Seven Hour Truce Ends In Gaza; Israel And Hamas Both Claim Violations
By Laura King and Batsheva Sobelman, Los Angeles Times
GAZA CITY — A seven-hour cease-fire in the Gaza Strip on Monday ended as have previous short-term truces: with the two sides accusing one another of violations. At the same time, a pair of relatively small-scale attacks in Jerusalem — one carried out with a piece of construction equipment — rekindled fears that the Gaza conflict’s repercussions could spread.
The pause in fighting, which began at 10 a.m. local time, did not apply to Rafah, at the strip’s southern tip, which has been the scene of heavy fighting since Friday morning.
Those clashes precipitated the breakdown of the last brief cease-fire, one of several to collapse soon after being declared. Palestinians have used previous lulls in the fighting to stock up on food and water and scour ruined homes for any possessions that can be salvaged, and they did so again Monday.
In the hours just before the hiatus, Palestinian militants fired more rockets into Israel and Israel bombarded the coastal enclave with airstrikes, artillery fire, and shelling from naval vessels offshore. Israel said dozens of rockets were fired from Gaza during the hiatus, and Palestinians said an Israeli airstrike on a seaside refugee camp that killed an 8-year-old girl had taken place after the cease-fire began.
Hamas derided the temporary truce as a ruse meant to divert attention from “Israeli massacres.”
Israel had drawn international condemnation with a strike on Sunday at the gates of a U.N. school in Rafah sheltering displaced Palestinians, which killed at least 10 people. Israel says it struck a target nearby — militants on a motorcycle — and was still checking on what ordnance had fallen next to by the school entrance.
But both the United States and the United Nations issued sharp statements demanding that more care be taken to avoid hurting and killing civilians. The Obama administration called the strike “disgraceful.”
Human Rights Watch charged Monday that Israeli forces in the southern Gaza town of Khuza’a had committed war crimes by firing on and killing civilians between July 23 and 25.
The organization said Israeli forces had provided general warnings to the town’s residents to leave the area prior to July 21. However, it said, Israel had a responsibility to avoid civilian casualties, even if people ignored the warnings.
“Warning families to flee fighting doesn’t make them fair targets just because they’re unable to do so, and deliberately attacking them is a war crime,” said said Sarah Leah Whitson, Middle East director at Human Rights Watch.

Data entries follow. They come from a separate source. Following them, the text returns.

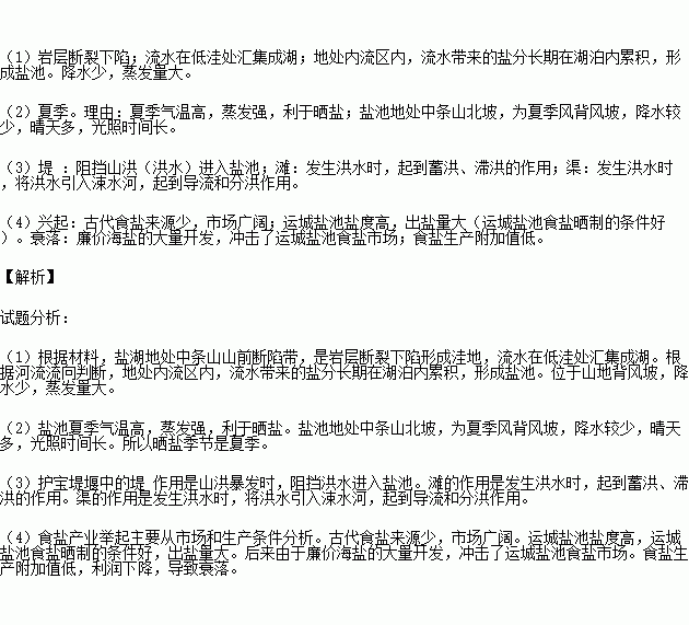(2)判断运城盐池晒盐的主要季节并说明理由。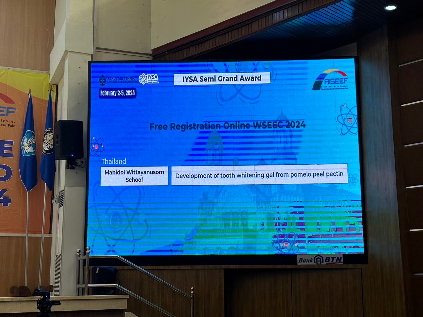- รางวัล IYSA Semi Grand Award โดยได้รับสิทธิ์เข้าร่วมงาน the 4th World Science, Environment and Engineering Competition (WSEEC 2024) ในรูปแบบออนไลน์โดยไม่มีค่าใช้จ่าย โดยงานจะจัดขึ้นระหว่างวันที่ 12-18 พฤษภาคม พ.ศ. 2567 ณ สาธารณรัฐอินโดนีเซีย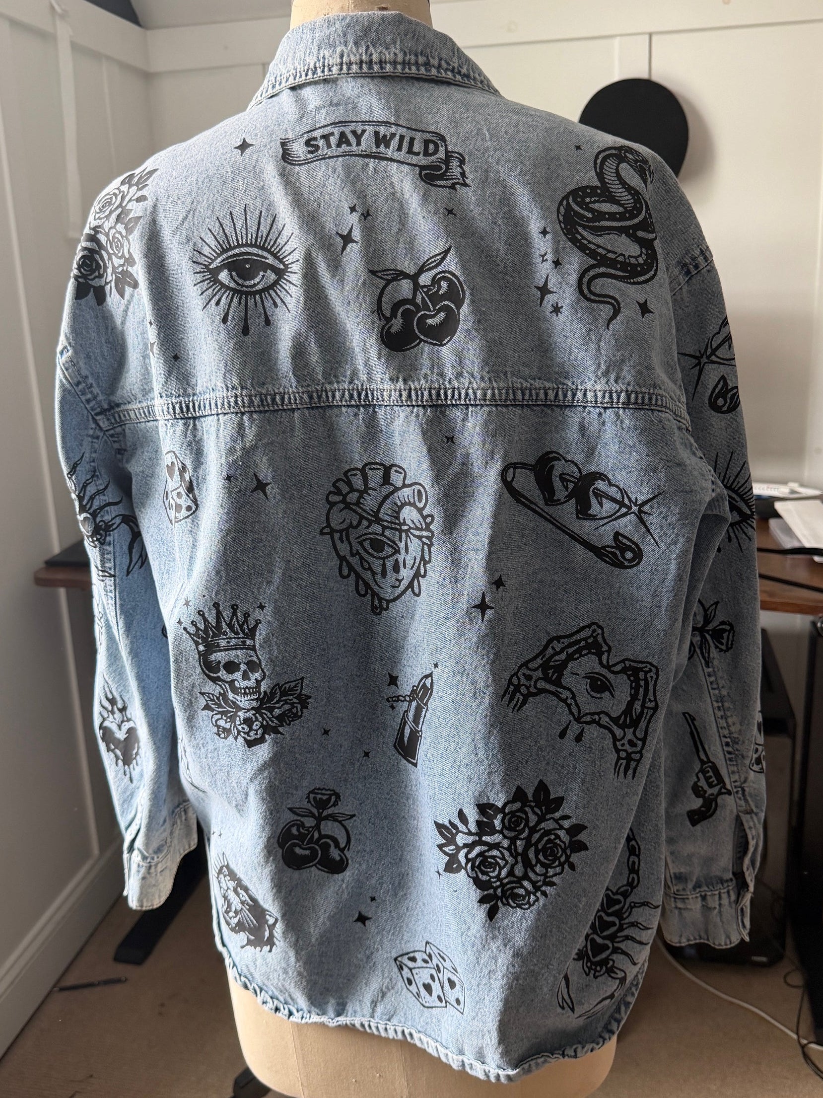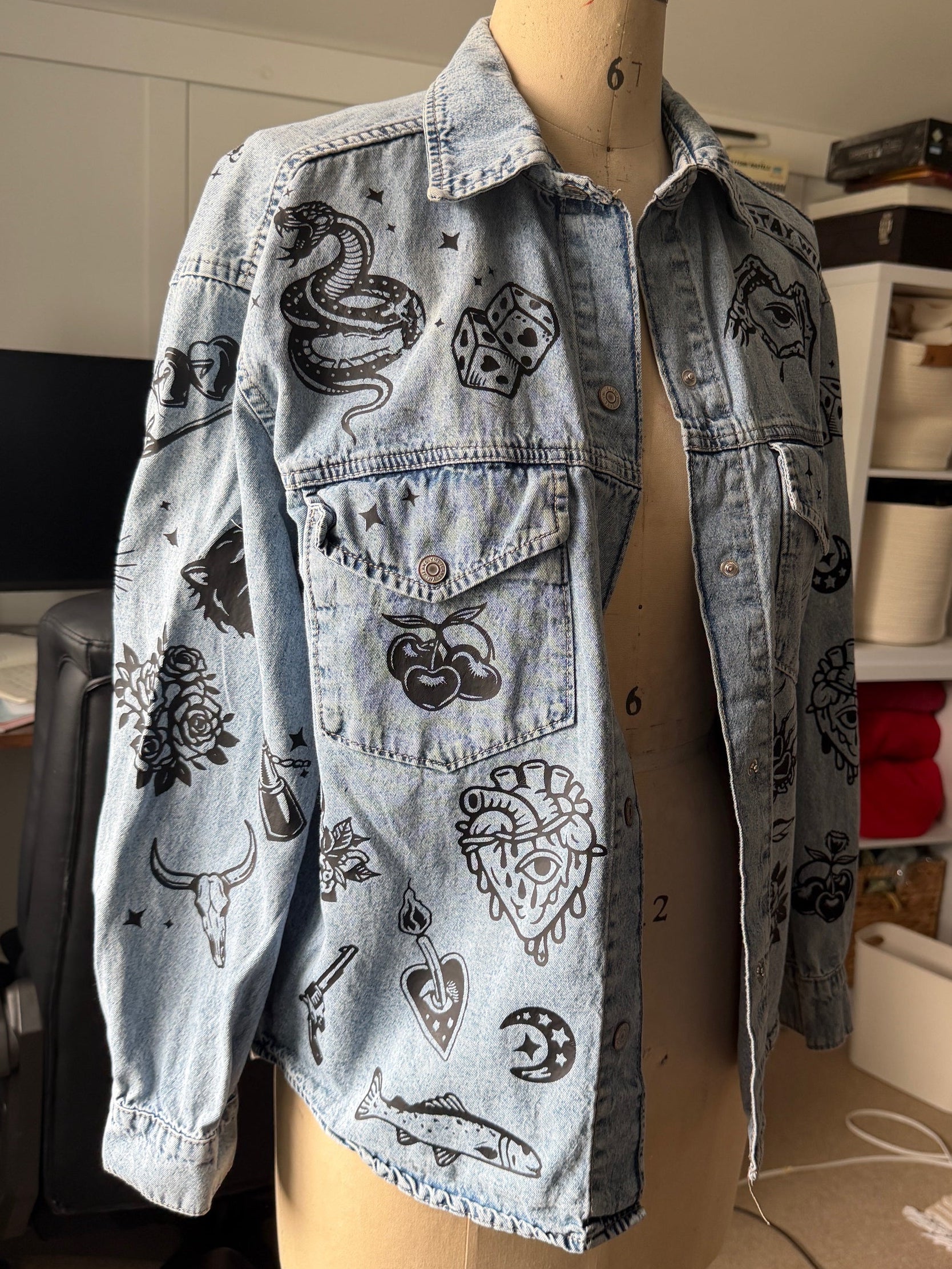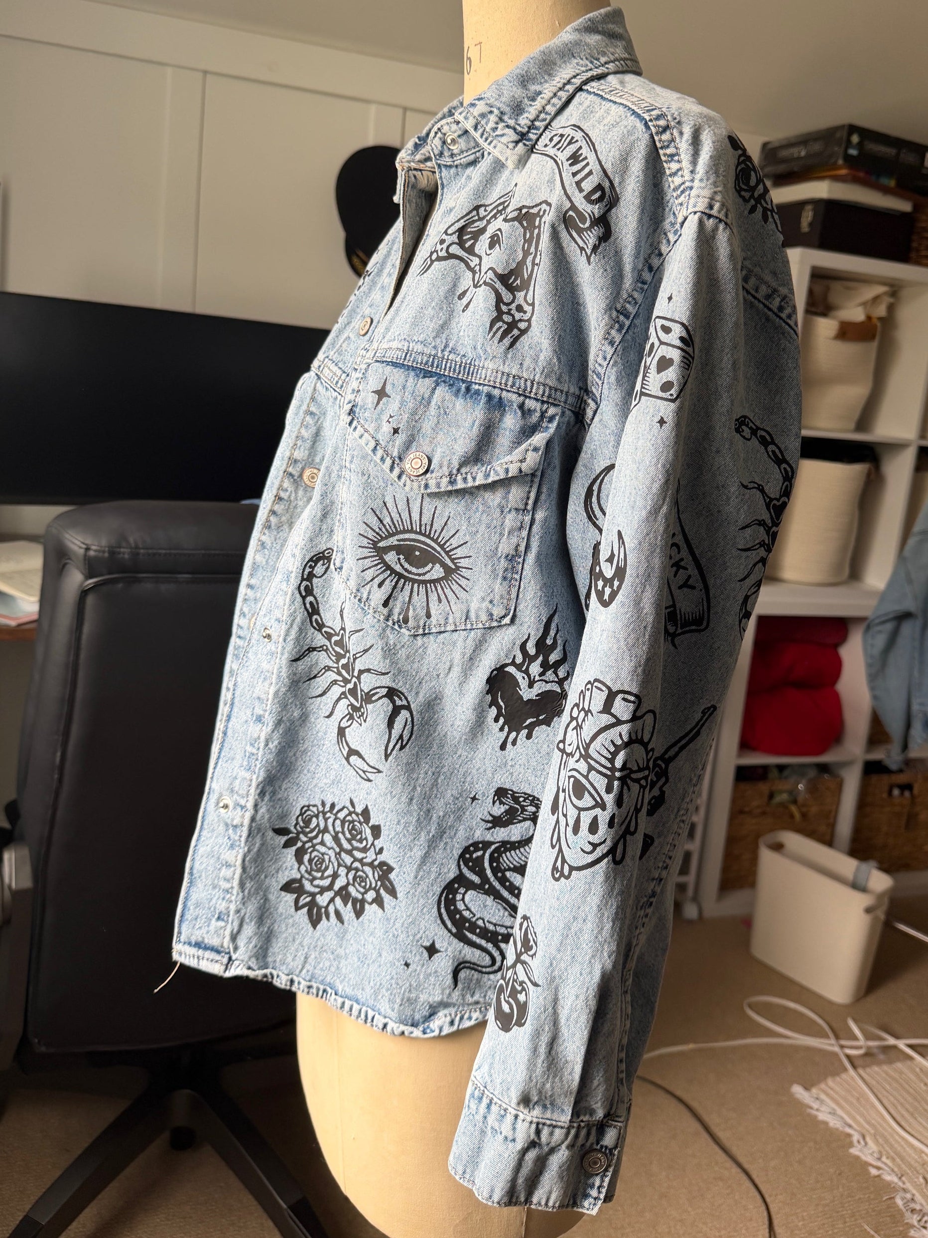 Elevate your style with a unique, custom handmade jacket. Stand out from the crowd with this carefully crafted, one-of-a-kind piece. Each jacket is made with love and attention to detail, ensuring a perfect blend of style and quality.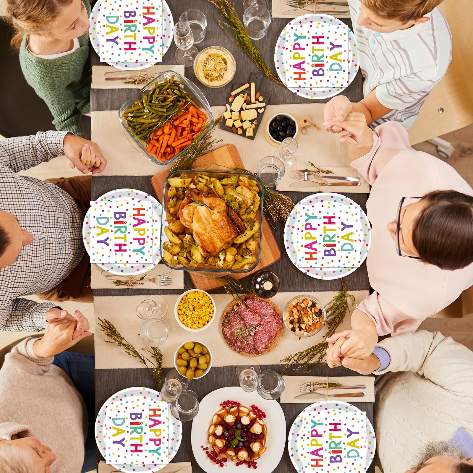 🎂Premium Quality Material: Made of high-quality paper, our Happy Birthday themed plates and napkins are durable, non-toxic, and safe for food. The perfect disposable dinnerware to enjoy your party without the mess.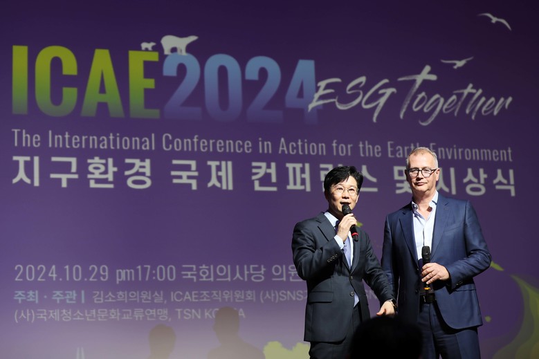 (TSN 코리아, SNS기자연합회 김용두 회장과 TSN 존그리셔 회장이 10월 29일 열린 'ICAE 2024' 행사에서 TSN 코리아 ESG 비전 발표 및 발족식을 진행하고 있는 모습. /사진=ICAE조직위원회 제공)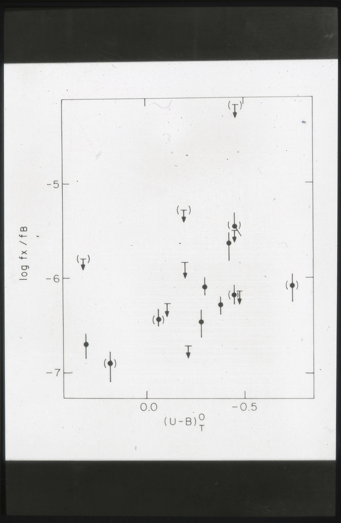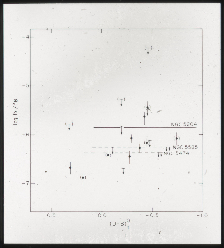 E/996 Distribution (a) of the X-ray luminosities L_x for the galaxies in the sample, and (b) Distribution of the X-ray to optical flux ratios of f_x/f_B. The hatched box represents NGC6876 for which only a Harvard Magnitude is listed in deVaucouleurs, de Vaucouleurs, and Corwin (1976). |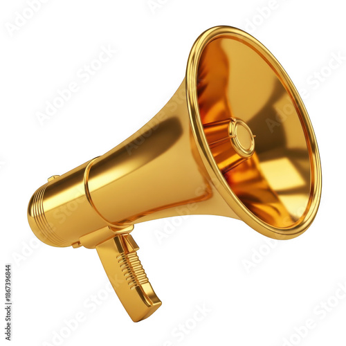 gold, megaphone, three-dimensional, rendering, metallic, finish, transparent, background, handle, design, application, polished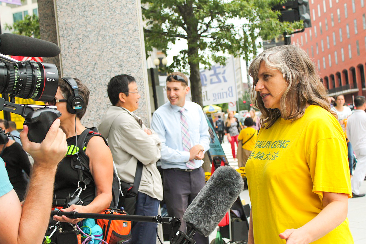 《巴尔的摩太阳报》(Baltimore Sun)两位已退休主编威廉(Larry Williams)和迈尔斯(Marsha Myers)接过法轮功学员手中的真相传单,仔细阅读,并和法轮功学员攀谈。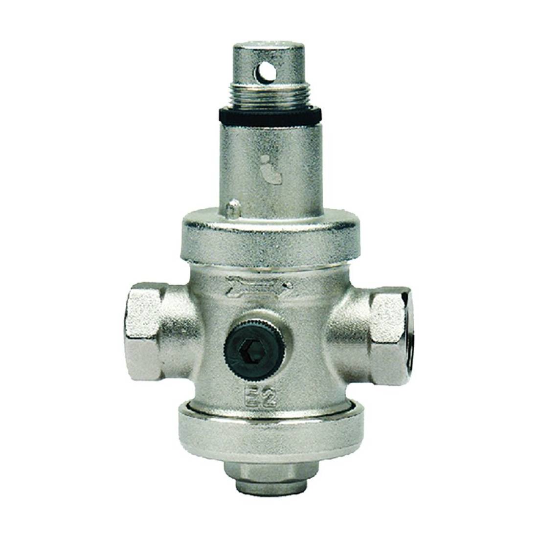 Corpo in ottone nichelato. Funzionamento a pistone con sede compensata. Taratura tra 1 e 6 bar.
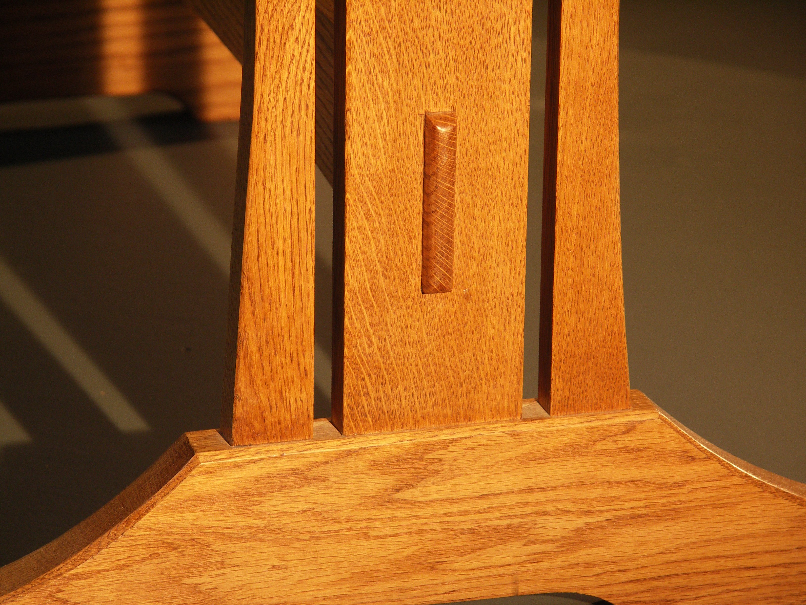 Red oak is less stable than its country cousin the white oak and many reject it for furniture making because of its coarse texture (open pores). That said, it is a primary source of furniture wood and should not be disregarded at all. I like to finish the wood with shellac or waterborne finish and then fill these open pores with a dark furniture wax polish. I designed this for the hand tool school. It's project for students to make on the more advanced woodworking courses.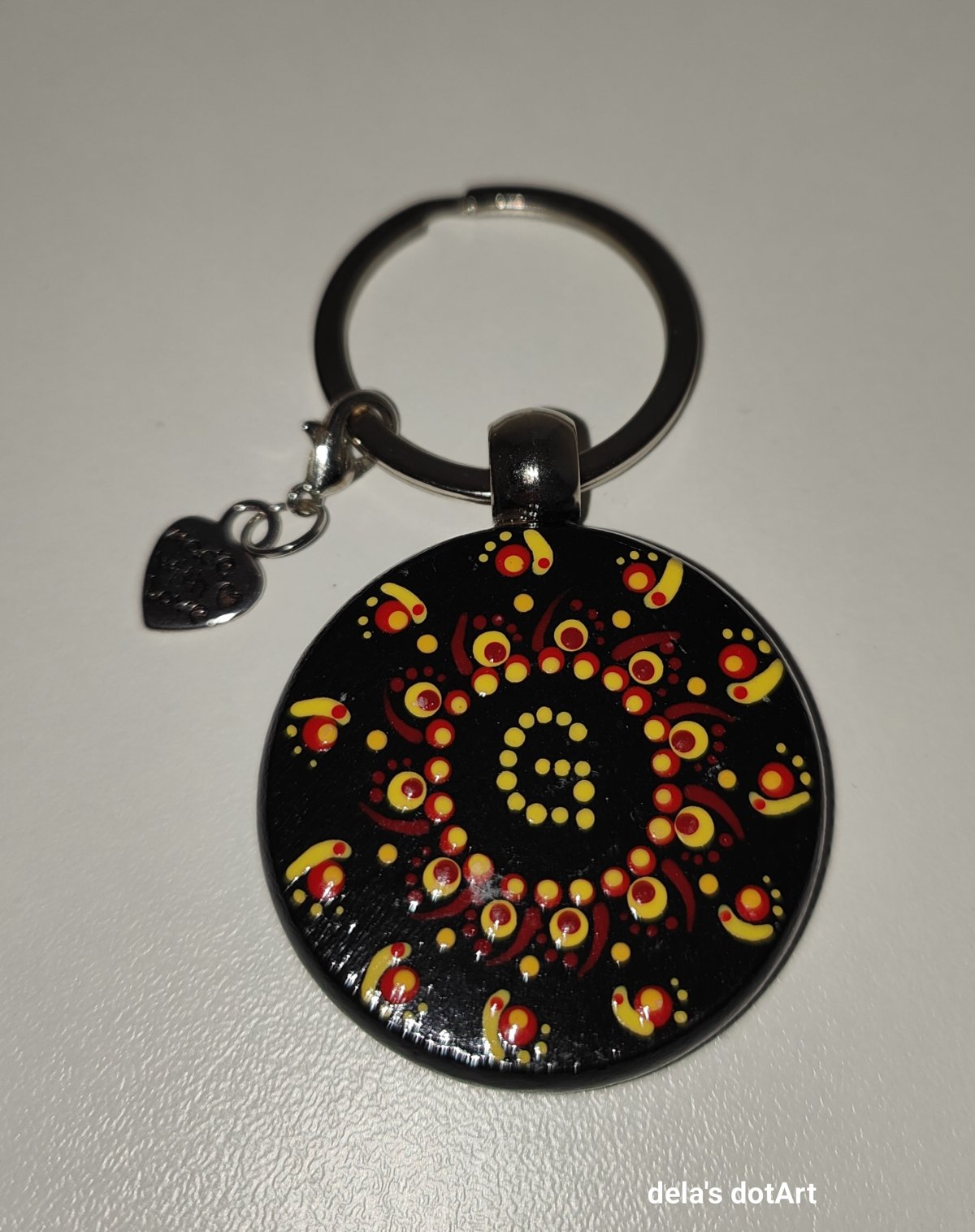 Ein handgefertigter Schlüsselanhänger mit individuellem Buchstaben in der Mitte

A spokesman for the Israel Defense Forces said he was not aware of the Human Rights Watch charge, and had no immediate response.
Most Israeli ground forces are gone from Gaza, Israeli media reports say, but some remain on the periphery of the strip, continuing to destroy tunnels leading into Israel. More than 30 have been rendered useless, the army says.
Thousands of troops were inside Gaza at the height of the ground offensive, though Israel as a matter of policy did not provide an exact figure.
The Israeli military said a strike before dawn killed a leader of Islamic Jihad, an ally of the militant group Hamas, which dominates the territory. The army identified the dead man as Danyal Mansour, Islamic Jihad’s commander in northern Gaza.
Palestinians said at least six others died in the strike as well.
Hours after the deadly attack on the Shati refugee camp in Gaza City, which injured about two dozen people in addition to killing an 8-year-old girl, the Israeli military had still not identified the intended target. The military said the strike took place “around” 10 a.m. local time, when the truce was beginning, leaving open the possibility that it had been a few moments later.
Anger over bloodshed in Gaza has been growing among Palestinians in east Jerusalem and the West Bank, and Monday saw an attack using a tactic that was familiar more than a decade ago.
Authorities said a Palestinian man apparently stole a piece of heavy machinery from a construction site, then used it to ram vehicles, including a nearly empty bus, in the nearly all-Jewish western part of the city.
One man was reported killed and six others hurt in the attack; the assailant was shot by police and died of his wounds. Police spokesman Mickey Rosenfeld tweeted that the incident was being treated as a terrorist attack.
A short time later, another assailant, this one on a motorcycle, shot and wounded an Israeli soldier, and then fled toward a Palestinian neighborhood in east Jerusalem, officials said. The shooting victim was reported in serious condition.
Special correspondent Batsheva Sobelman reported from Jerusalem, Los Angeles Times staff writer Laura King from Gaza City.